At $87,500 we will print and publish Fire As She Bears. Roughly 48-60 full color page softcover book, this complete subsystem of ship-to-ship combat can be added to any pledge for an additional $15. 

At $90,000 we will create the D20Pro maps and the Hero Lab data files for Razor Coast. More to come on this goal.

Thank you again to our backers!

From the Words of Lou

We funded -- and made the first stretch goal the same day! I'm overjoyed. The 4 adventures in Heart of the Razor are top notch by great writers. Tons of fun, ahead.

In celebration I want to share one of my favorite opening moments in Razor Coast. It includes one of my favorite lines. Not entirely sure why it's my favorite, actually. There are scenes with more subtle awe. Razor Coast contains more striking, more startling, and more bloody scenes for sure. There are more tender moments, more heroic choices, more ass kickin' moments for sure. But something about this one, one the docs, just _brings_ me there. Cynthia Sheppard illustrated it, which always is a plus in my book, and I think -- in this book.

In general, Razor Coast read aloud text remains short and concise. This is one of Nick's longer read alouds. Here's the scene:

Anglers by trade since their long-spent youth, now worn by the waves, a gaggle of grizzled men sit hunkered down on the docks by the gangplank of an old barnacle-crusted fishing sloop. A dozen old men, sprinkled with a few younger fisher folk, huddle around a man of forty or so winters. His eyes quaver and his lips tremble as he launches into his tale:

"We's a ways out. Making hard time. The wind was ‘gainst us, and we’d just passed Beacon Island by the settlin’ in o’ dusk. That’s when the sloop gave a mighty lurch. We hit something, so the captain thought at first, but no… it felt like somethin’, well, like somethin’ hit us! Then the sloop rocked again and the cap’n feared we’d run upon the shoals, but before he could snap an order somethin’ slammed our port side hard. The captain lost his footin’ and tumbled into the deep. Never came out. That’s when I saw it, I did. Blacker than the darkness, blacker than the night’s water around us…”

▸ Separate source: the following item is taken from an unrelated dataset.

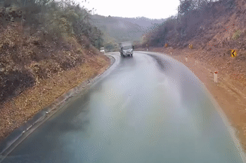 Theo đoạn video, một chiếc xe bán tải hiệu Toyota Hilux màu đỏ phóng nhanh trên mặt đường trơn trượt, sau đó bị mất lái và tông thẳng vào một xe máy chở theo 2 người ở phần đường đối diện.

“Ain’t no such thing…as a black shark,” a young man on the edge of the crowd snaps.

“Night black it were! These eyes been at crow’s nest for thirty years!” The older man snarls in retort.

“Thirty years ago t’were sharp is sure, but not so now you old sea dog. Sun on the water burned out your eyes years ago.” A few laughs answer this retort, but no real mirth flows from them.

“Batten yer hatch. What’s a guppy like yerself know from sharks? It were blacker than the heart of midnight.”

“There be no such thing!” insists the youngster.

A voice, like a knife across stone, cuts the air: “There be a black shark.”

The crowd parts to reveal an ancient man of the sea. His leathery skin stretched over his bones, he raises his right arm to silence the boy’s reply. The arm ends in a cold black iron hook. The old man’s one good hand clutches a wooden crutch, supporting his wracked frame. His leather breeches are cut off at the knees and two gnarled wooden pegs, chipped and scratched from wear, extend from the stumps of what remains of his legs. “There be a black shark.” His voice rasps once more.

A thick silence settles over the crowd then; no one wants to debate the shark’s existence any more. One of the younger fishermen even hazards a glance off the pier as if he expects a dark fin to crest the waves at any moment. With muttered excuses and leave-takings the crowd of fishermen breaks up, leaving the old man alone on the pier, his back to the dock, staring across the roiling sea.

* * *

So say it with me, folks. "There be a black shark!"